【モスクワ=田中孝幸】ロシアのプーチン大統領は18日、モスクワで年一度の定例記者会見を開いた。原油安などによる通貨ルーブルの急落で厳しい状況が続くロシア経済について「回復するまで(最長で)2年程度かかる」とし、経済危機が長期化するとの見通しを示した。原油価格はさらに下落する可能性があるとし、経済の構造改革で資源依存からの脱却を目指す意向を示した。
ロシアの主要輸出製品である原油価格の急落や、ウクライナ危機を巡る欧米の経済制裁により、経済が低迷する現状について、プーチン氏は「主に外的要因によって引き起こされた」と指摘。原油価格はさらに下落する可能性があるものの、ルーブルの対ドルレートは中長期的に現在の1ドル=60ルーブルの水準を維持できるとの見通しを示した。
同時に「我々は経済多角化のために計画した多くのことができなかった」と述べ、改革の遅れも経済低迷の一因になっているとの認識を表明。起業家への後押しや製造業の育成などに取り組む考えを強調した。ルーブル安への対応や経済振興の新たな具体策は示せなかった。

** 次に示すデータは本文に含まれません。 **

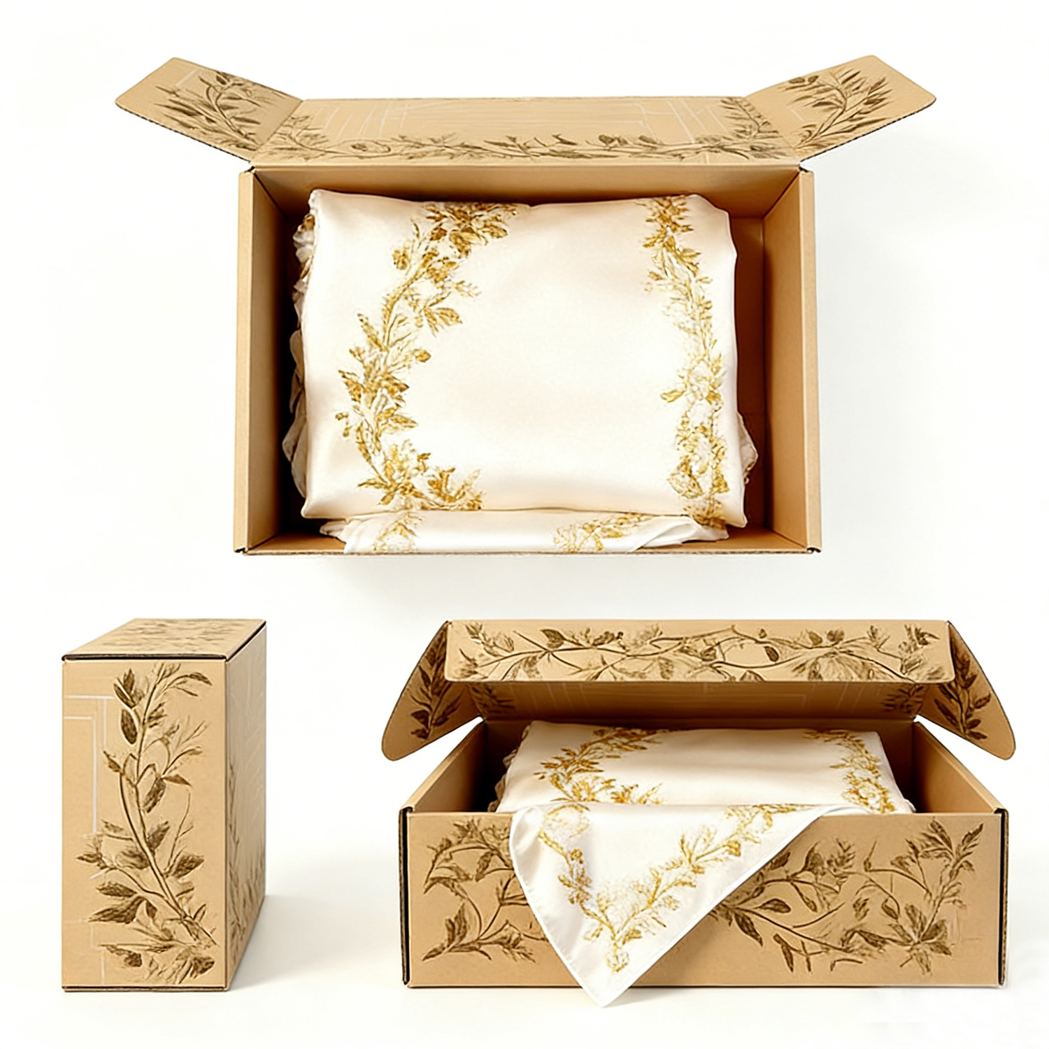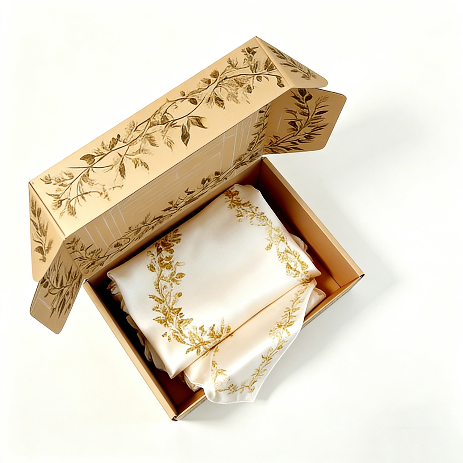 The defining feature of this silk shipping box is its botanical illustration design, inspired by nature and timeless elegance.

ポロシェンコ大統領と親ロシア派武装勢力の対立が続くウクライナ情勢については、恒久的な和平に向けた仲介役を担う意向を示した。「危機は政治的な手段のみによって解決されるべきだ」として、ウクライナ政府に9月の停戦合意の完全履行を求めた。
大統領の内外記者会見は今春のウクライナ危機以降初めてで、1千人を超える記者が出席。国家元首としては異例の長時間会見で、内政から経済、国際問題まで幅広い質問に答えた。